Department of Energy to Award $16 Million for GNEP Studies

Teams to Provide Analysis on Technology Development

The U.S. Department of Energy (DOE) today announced that four consortia have been selected to receive up to $16 million for technical and supporting studies to support President Bush's Global Nuclear Energy Partnership (GNEP). AREVA Federal Services, LLC; EnergySolutions, LLC; GE-Hitachi Nuclear Americas, LLC; and General Atomics will each lead teams in developing the cost, scope and schedule for conceptual design studies for an initial fuel recycling center and advanced recycling reactor for GNEP. DOE will negotiate the final terms, under cooperative agreements, with the selected applicants and awards are expected to be finalized by the end of September 2007.
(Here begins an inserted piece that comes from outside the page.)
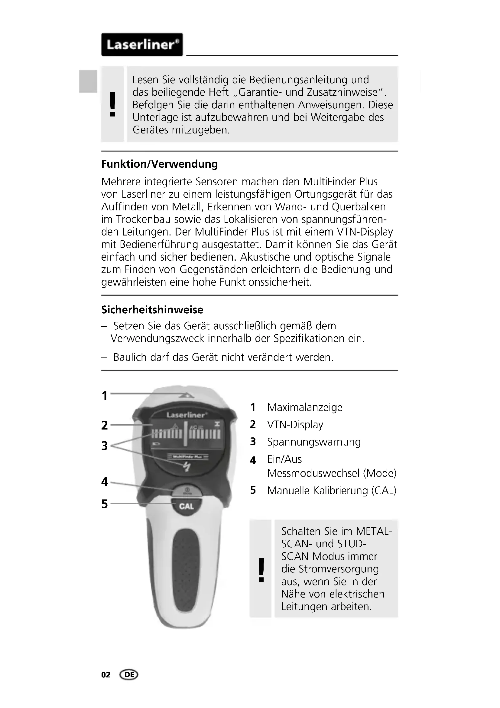 Maximalanzeige VTN-Display Spannungswarnung Ein/Aus Messmoduswechsel (Mode) Manuelle Kalibrierung (CAL) Mehrere integrierte Sensoren machen den MultiFinder Plus von Laserliner zu einem leistungsfähigen Ortungsgerät für das Auffinden von Metall, Erkennen von Wand- und Querbalken im Trockenbau sowie das Lokalisieren von spannungsführen- den Leitungen. Der MultiFinder Plus ist mit einem VTN-Display mit Bedienerführung ausgestattet. Damit können Sie das Gerät einfach und sicher bedienen. Akustische und optische Signale zum Finden von Gegenständen erleichtern die Bedienung und gewährleisten eine hohe Funktionssicherheit. Sicherheitshinweise – Setzen Sie das Gerät ausschließlich gemäß dem Verwendungszweck innerhalb der Spezifikationen ein. – Baulich darf das Gerät nicht verändert werden.DE

"These studies will contribute to the analysis and inform the research that DOE is conducting to further President Bush's Global Nuclear Energy Partnership", Assistant Secretary of Nuclear Energy Dennis R. Spurgeon said. "GNEP seeks to increase the use of safe and clean nuclear energy worldwide in ways that reduces both the proliferation risks as well as nuclear waste."
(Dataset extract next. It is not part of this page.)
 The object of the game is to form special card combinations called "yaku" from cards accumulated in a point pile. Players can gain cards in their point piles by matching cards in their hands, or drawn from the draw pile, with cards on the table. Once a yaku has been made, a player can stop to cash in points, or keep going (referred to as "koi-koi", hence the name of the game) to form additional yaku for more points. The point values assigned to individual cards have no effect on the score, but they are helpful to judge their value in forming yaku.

DOE will use the information and recommendations provided by the teams, as well as other data and analyses, to evaluate the development and deployment of GNEP activities and to inform decision making on the path forward for GNEP. Today's announcement is part of $60 million in funding opportunities announced by Deputy Secretary of Energy Clay Sell in May to engage industry experts in conceptual design of proposed GNEP facilities. The $60 million in funding opportunities will be made available through September 2009, subject to Congressional appropriations.

The FOA sought applications from commercial entities interested in providing technology development roadmaps, business plans, and a communications strategy supporting the GNEP conceptual design studies for the nuclear fuel recycling center and advanced recycling reactor. The technology development roadmaps will describe the state of the current technology, perform a technology "gap" analysis, and define the methods and plans to acquire technology needed to achieve the GNEP goals. The business plans will address how the market may facilitate DOE plans to develop and commercialize the advanced fuel cycle technologies and facilities. The communications plans will focus on the dissemination of scientific, technical, and practical information relating to nuclear energy and closing the nuclear fuel cycle.

GNEP is part of President Bush's Advanced Energy Initiative and seeks to enable the expanded use of economical, carbon-free nuclear energy worldwide to meet growing electricity demand. GNEP seeks to close the nuclear fuel cycle in ways that reduce proliferation risks, reduce waste and further increase global energy security.

For more information on GNEP, visit: www.gnep.gov, the FOA is posted on www.grants.gov.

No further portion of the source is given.